Researching to improve how people interact with search technologies is a key value in Sease.
Let’s explore briefly the current areas of interest, for the details you can refer to the blog :
Meaningfully structuring content is critical for any domain, Natural Language Processing and Semantic Enrichment is becoming increasingly important to improve the quality of tasks related to information retrieval.With the Semantic Web moving towards full realisation thanks to the Linked Data initiative and with the interest of major search engines in structured data, the search world is finding it more attractive to make its information machine readable and exploit that information to improve search over its content.
Three trends are transforming the face of search:
2. Knowledge graphs. Leveraging relationships amongst entities: Linked Data datasets (Wikidata, DbPedia….) or custom companies’ knowledge bases.
3. Search assistance. Autocomplete and spellchecking are now common features, but making use of semantic data makes it possible to offer smarter features, guiding the users to what they want, in a natural way.
Identifying similar documents is an ancillary task for a search engine.
Giving in input a seed document and returning a set of similar results is not a trivial task.
More Like This (as it is called in the Lucene world) currently leverages the term frequencies in the seed document in relation with the entire corpus.
This can be improved if we can model the document content extracting the key concepts rather than mere keywords.
Machine Learning Integration
Machine Learning is a branch of Computer Science that studies ways to attribute the ability to learn to computers without explicitly programming them.
Basically a system aim to be able to update itself, based on past experience, to perform better its task.

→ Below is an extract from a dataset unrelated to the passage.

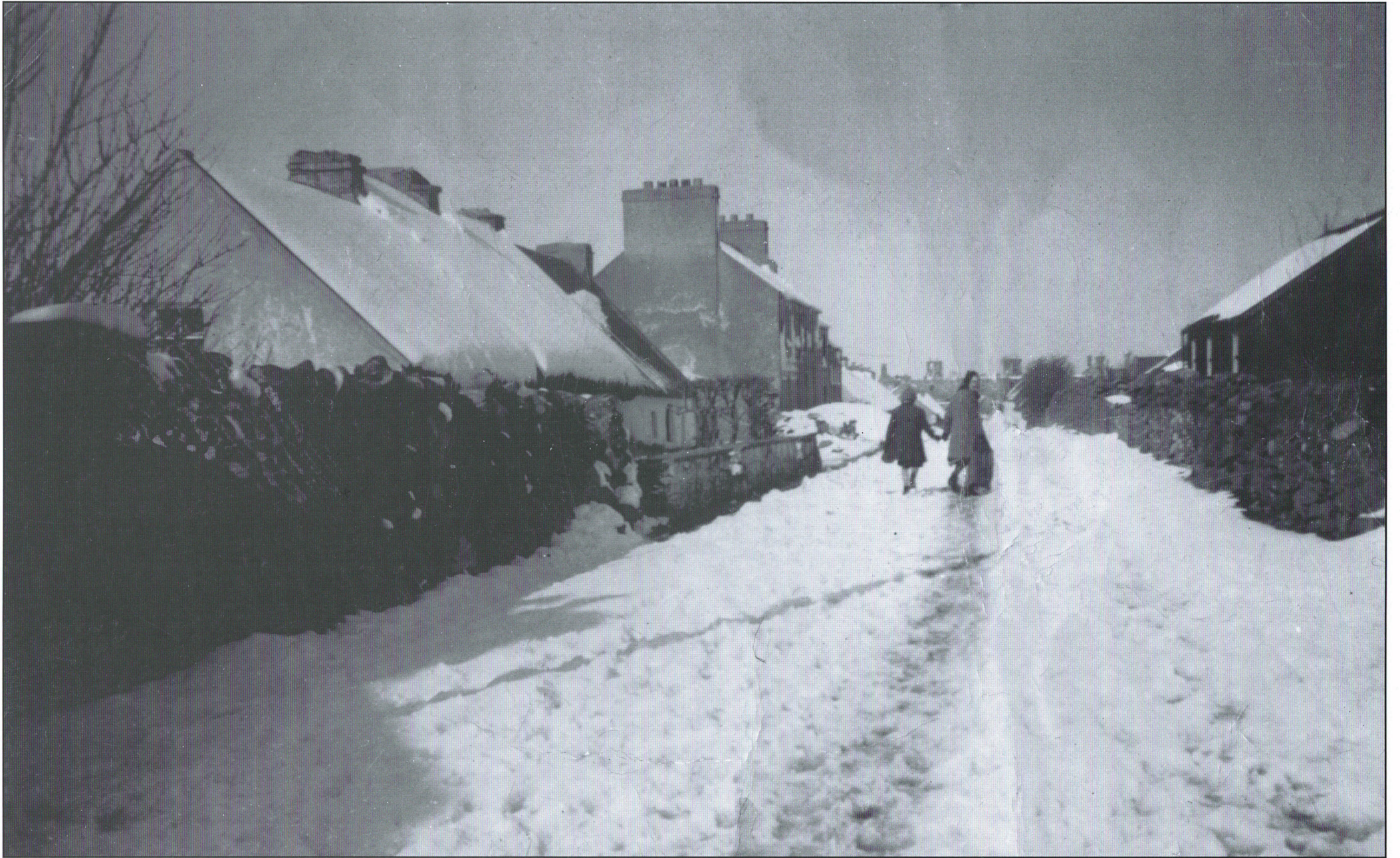
Camp Street 1947

A search engine is a natural fit for machine learning integration, it can benefit from learning in a lot of different areas :
– understanding better the semantic of the documents of the corpus
– improving the understanding of natural language to support advanced queries
– improving the understanding of what is relevant given a certain request
In particular Sease currently focus on :
Classification is the task of assigning a category to a document from a set of given categories and training data.
The system will learn how to assign a category to a document automatically, based on the provided human examples.

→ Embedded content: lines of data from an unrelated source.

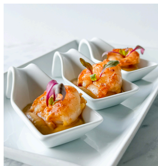
Garlic Shrimp With Butternut Puree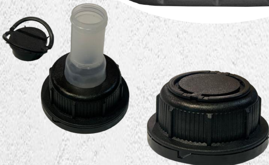
Engine oil MIXOIL 5L KWR-ZLK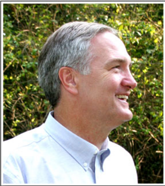
Picture and background information from http://www.lutherstrange.com/contents/about/index.shtml

We have great speakers for August and September. Don't miss these great Republicans!

Integrating classification algorithms with your search engine can help in categorizing the input content and make it easier to search it later.
Learning To Rank
Learning To Rank is the ability to learn how to rank the search results coming from a query, based on training data collected from past user interactions.
Integrating Learning To Rank technologies to your search engine passes through different steps :
1) modelling your relevancy problem
2) identify and engineer interesting features that describe your domain entities
3) collect training samples ( implicit/explicit)
4) select a model and related training algorithm
5) train the model
6) integrate the trained model with your search engine (indexing time and query time)
Offering personalised Search Results can bring key value to your organization.
Personalisation ( in search results) is the ability to provide different ranking, depending on the user who is interacting with the search engine.
Different approaches can be used to drive the personalisation, from simple strategies to much more complex.
One possible example is content based :
1) define the features of interest for your domain
2) collect user interactions ( clicks, add to chart, sales)
3) calculate a user profile
4) boost results empowering results matching the user profile
A recommender engine is a system that is able to recommend items, even before a user start a search.
Simply giving in input the user identifier, the system is able to provide interesting results.
Search engines are the natural place to build recommenders as a lot of information is already in there, ready to be used.
Collaborative filtering, content based and hybrid approaches are explored to provide the most suitable way to apply to various domains.